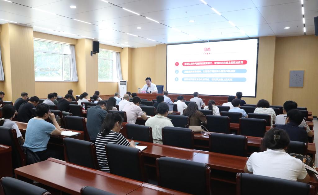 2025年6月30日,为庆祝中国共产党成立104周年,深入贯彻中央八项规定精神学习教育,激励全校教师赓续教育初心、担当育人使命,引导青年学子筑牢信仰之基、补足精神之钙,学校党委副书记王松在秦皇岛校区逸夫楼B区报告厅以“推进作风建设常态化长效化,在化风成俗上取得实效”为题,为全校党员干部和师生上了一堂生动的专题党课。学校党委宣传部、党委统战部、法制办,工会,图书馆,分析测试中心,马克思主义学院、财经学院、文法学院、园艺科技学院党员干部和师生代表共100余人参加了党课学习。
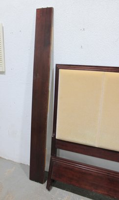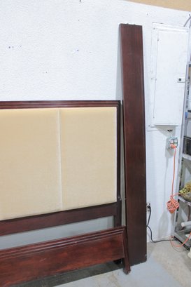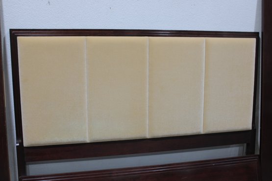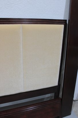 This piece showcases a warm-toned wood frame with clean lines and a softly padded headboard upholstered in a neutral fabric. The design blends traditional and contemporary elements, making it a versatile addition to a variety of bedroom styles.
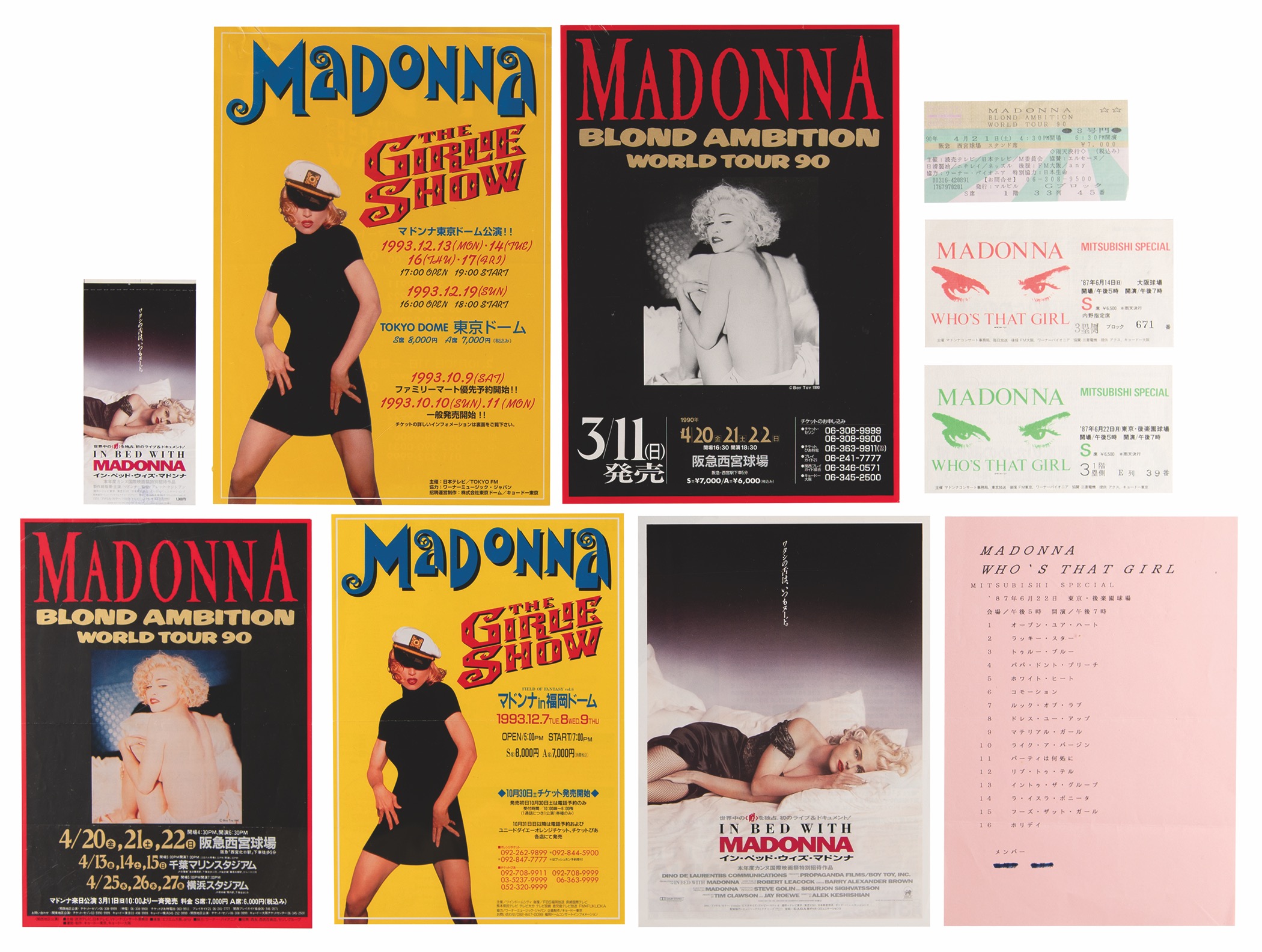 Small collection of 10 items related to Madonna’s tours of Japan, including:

————

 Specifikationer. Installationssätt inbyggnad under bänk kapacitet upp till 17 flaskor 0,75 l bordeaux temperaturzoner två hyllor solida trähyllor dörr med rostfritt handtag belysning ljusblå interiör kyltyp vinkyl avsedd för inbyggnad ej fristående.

————

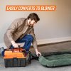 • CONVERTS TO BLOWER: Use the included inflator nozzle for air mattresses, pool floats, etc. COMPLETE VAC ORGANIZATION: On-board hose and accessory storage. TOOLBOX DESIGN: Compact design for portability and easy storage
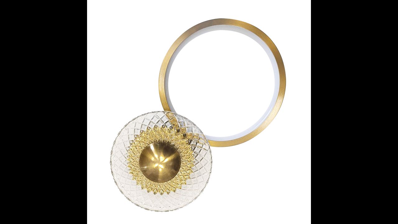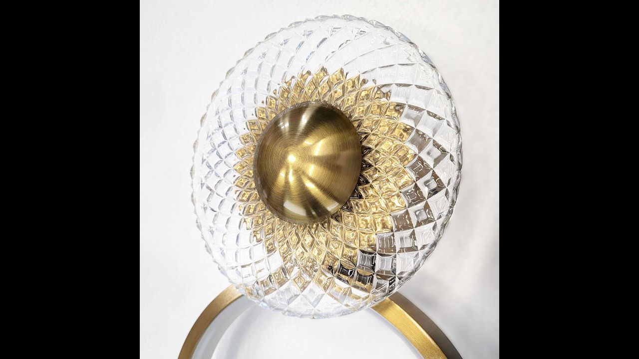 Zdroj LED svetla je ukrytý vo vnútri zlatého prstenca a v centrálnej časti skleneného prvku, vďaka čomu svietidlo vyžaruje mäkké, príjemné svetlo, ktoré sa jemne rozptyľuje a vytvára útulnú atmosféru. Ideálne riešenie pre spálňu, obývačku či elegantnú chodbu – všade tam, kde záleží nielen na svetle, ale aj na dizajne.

————

_Exercise prompt_.
Take the material above from the line containing "and easy storage" up to and including the line containing "Zdroj LED svetla" and retype it exactly, without any pictures.

_Output for this task_.
 • CONVERTS TO BLOWER: Use the included inflator nozzle for air mattresses, pool floats, etc. COMPLETE VAC ORGANIZATION: On-board hose and accessory storage. TOOLBOX DESIGN: Compact design for portability and easy storage
 Zdroj LED svetla je ukrytý vo vnútri zlatého prstenca a v centrálnej časti skleneného prvku, vďaka čomu svietidlo vyžaruje mäkké, príjemné svetlo, ktoré sa jemne rozptyľuje a vytvára útulnú atmosféru. Ideálne riešenie pre spálňu, obývačku či elegantnú chodbu – všade tam, kde záleží nielen na svetle, ale aj na dizajne.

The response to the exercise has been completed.